Bradley, meanwhile, was staring vacantly off into the middle distance. Maybe, on second thoughts, this was going to be one book you could judge by its cover.

“We were going to be called The Owl and The Pussycat because I think Bradley looks like a great big owl,” Barbara added.

Bradley, still staring off into the middle distance, was probably fuming inside at this point. We’d seen a clip of him earlier reacting to the owl accusation, snapping: “You can’t talk about someone as being like an animal… it’s offensive… I wouldn’t say to my mum: You’re a cow.”

He explained how the act would work – while Barbara was “doing her special talent which is poetry, I’m going to be doing my special talent which will hopefully add and bring Barbara’s poetry back to life”.

It turned out his special talent was flailing around the stage (it couldn’t be described as dancing) in a white Stetson, looking a bit like, well, an owl.

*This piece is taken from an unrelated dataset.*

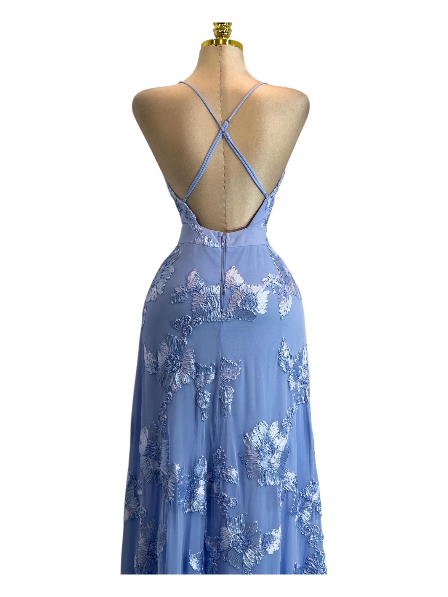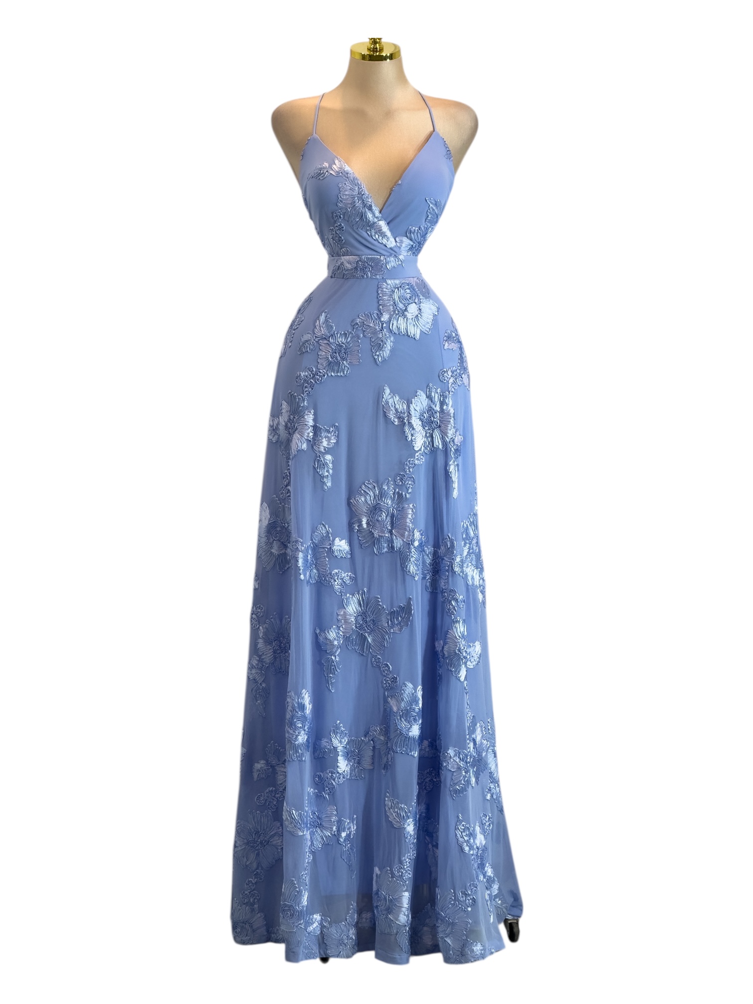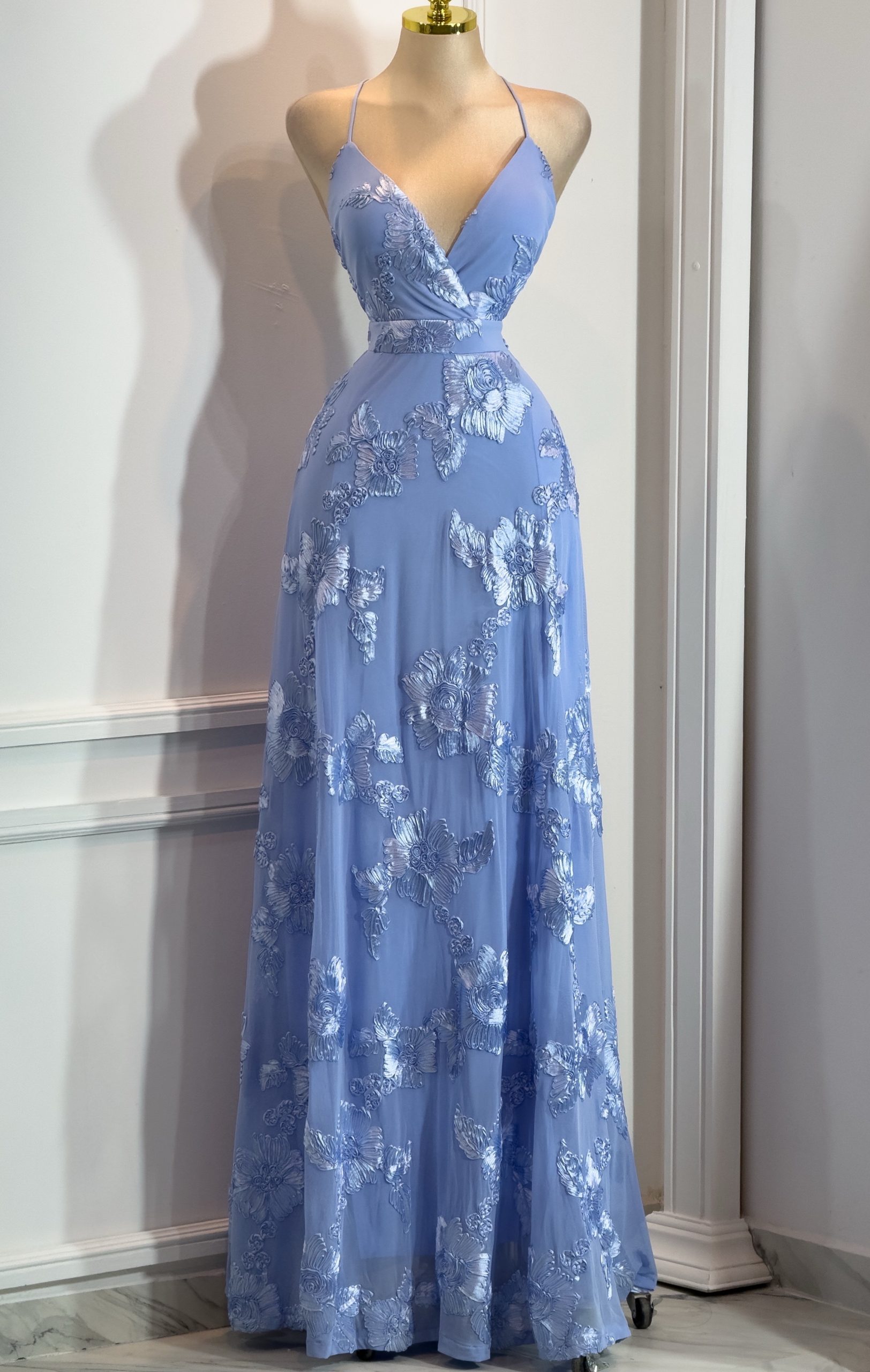 Vestido largo en tono azul con un diseño romántico y elegante. Presenta un escote en “V” cruzado que realza el busto con un acabado delicado y femenino, acompañado de tirantes delgados que estilizan los hombros. El cuerpo entallado define la cintura, mientras que la falda larga de caída suave destaca por sus aplicaciones florales bordadas que aportan textura, brillo sutil y un toque etéreo. Ideal para eventos especiales, bodas, galas o celebraciones donde busques lucir un look sofisticado, armonioso y de alto impacto visual.

And it would have taken a lot more than that to bring Barbara’s poetry to life. Frankly, you’d be more like to get Tommy Cooper back on stage.

Afterwards, she spoke of the profile the pair had got. “This was millions of pounds worth of publicity – you couldn’t wish for better publicity.”

Clearly their fledgling showbiz career hadn’t taught her one important lesson: There is such a thing as bad publicity.